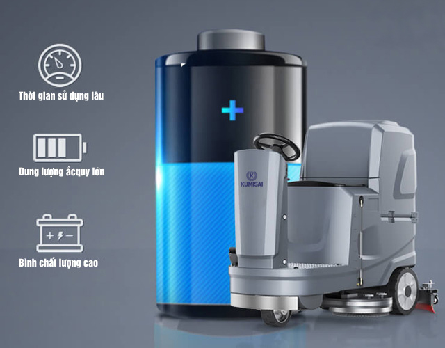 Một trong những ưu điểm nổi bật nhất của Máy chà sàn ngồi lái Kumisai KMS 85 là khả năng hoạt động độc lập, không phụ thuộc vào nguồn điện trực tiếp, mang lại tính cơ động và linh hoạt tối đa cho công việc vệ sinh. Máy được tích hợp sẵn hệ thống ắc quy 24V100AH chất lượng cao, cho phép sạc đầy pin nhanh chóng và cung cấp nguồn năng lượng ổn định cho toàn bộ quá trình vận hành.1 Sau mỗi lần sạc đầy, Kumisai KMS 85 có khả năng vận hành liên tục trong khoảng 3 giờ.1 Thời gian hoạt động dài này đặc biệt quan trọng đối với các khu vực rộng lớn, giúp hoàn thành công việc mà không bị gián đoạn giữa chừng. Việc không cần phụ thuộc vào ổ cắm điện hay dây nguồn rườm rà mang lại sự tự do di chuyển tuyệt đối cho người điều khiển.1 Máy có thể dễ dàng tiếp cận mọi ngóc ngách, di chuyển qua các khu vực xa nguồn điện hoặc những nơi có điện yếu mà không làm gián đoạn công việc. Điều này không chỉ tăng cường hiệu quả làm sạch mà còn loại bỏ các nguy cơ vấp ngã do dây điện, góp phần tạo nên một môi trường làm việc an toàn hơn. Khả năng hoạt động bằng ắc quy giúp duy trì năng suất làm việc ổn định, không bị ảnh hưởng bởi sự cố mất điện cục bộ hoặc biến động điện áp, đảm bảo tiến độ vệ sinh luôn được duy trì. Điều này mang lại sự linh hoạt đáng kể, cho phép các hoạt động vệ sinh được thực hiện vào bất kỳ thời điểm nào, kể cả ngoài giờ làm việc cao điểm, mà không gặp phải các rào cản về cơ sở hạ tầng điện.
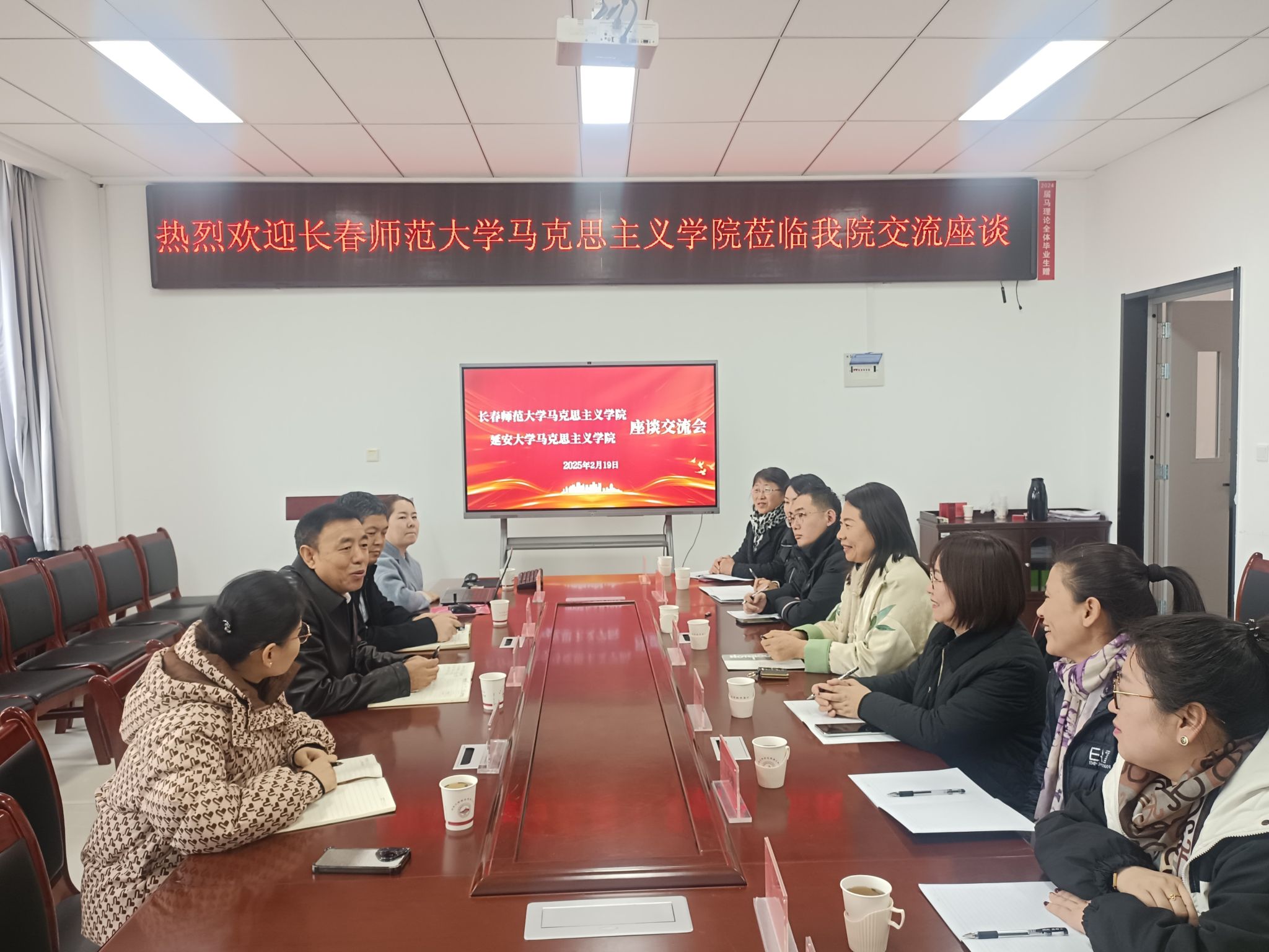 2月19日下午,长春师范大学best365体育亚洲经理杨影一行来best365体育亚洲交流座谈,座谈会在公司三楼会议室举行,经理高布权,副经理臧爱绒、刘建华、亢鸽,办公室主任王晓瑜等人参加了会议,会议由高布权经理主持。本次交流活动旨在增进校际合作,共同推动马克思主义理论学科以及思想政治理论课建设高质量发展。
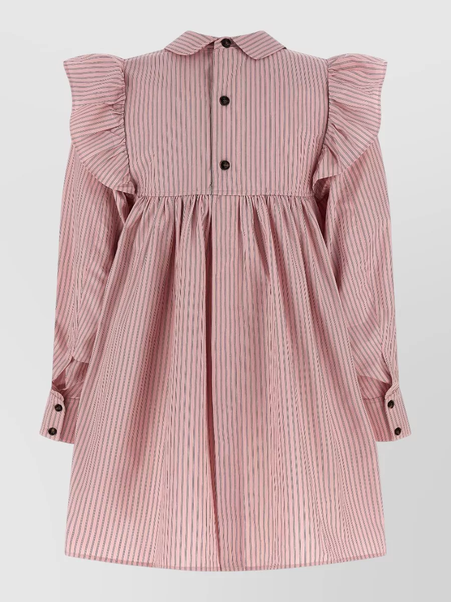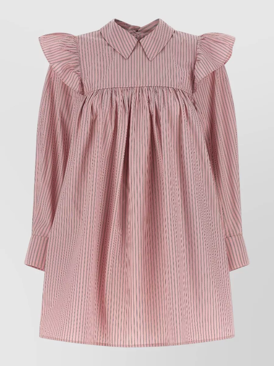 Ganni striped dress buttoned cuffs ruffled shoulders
○ ○ ○ ○ ○ ○ ○
▸ **What the task requires**
Restate, exactly as they appear, the line with "2月19日下午,长春师范大学" and all the lines after it up to the end of the data above; images do not belong in the copy.

▸ **Reply**
 2月19日下午,长春师范大学best365体育亚洲经理杨影一行来best365体育亚洲交流座谈,座谈会在公司三楼会议室举行,经理高布权,副经理臧爱绒、刘建华、亢鸽,办公室主任王晓瑜等人参加了会议,会议由高布权经理主持。本次交流活动旨在增进校际合作,共同推动马克思主义理论学科以及思想政治理论课建设高质量发展。
 Ganni striped dress buttoned cuffs ruffled shoulders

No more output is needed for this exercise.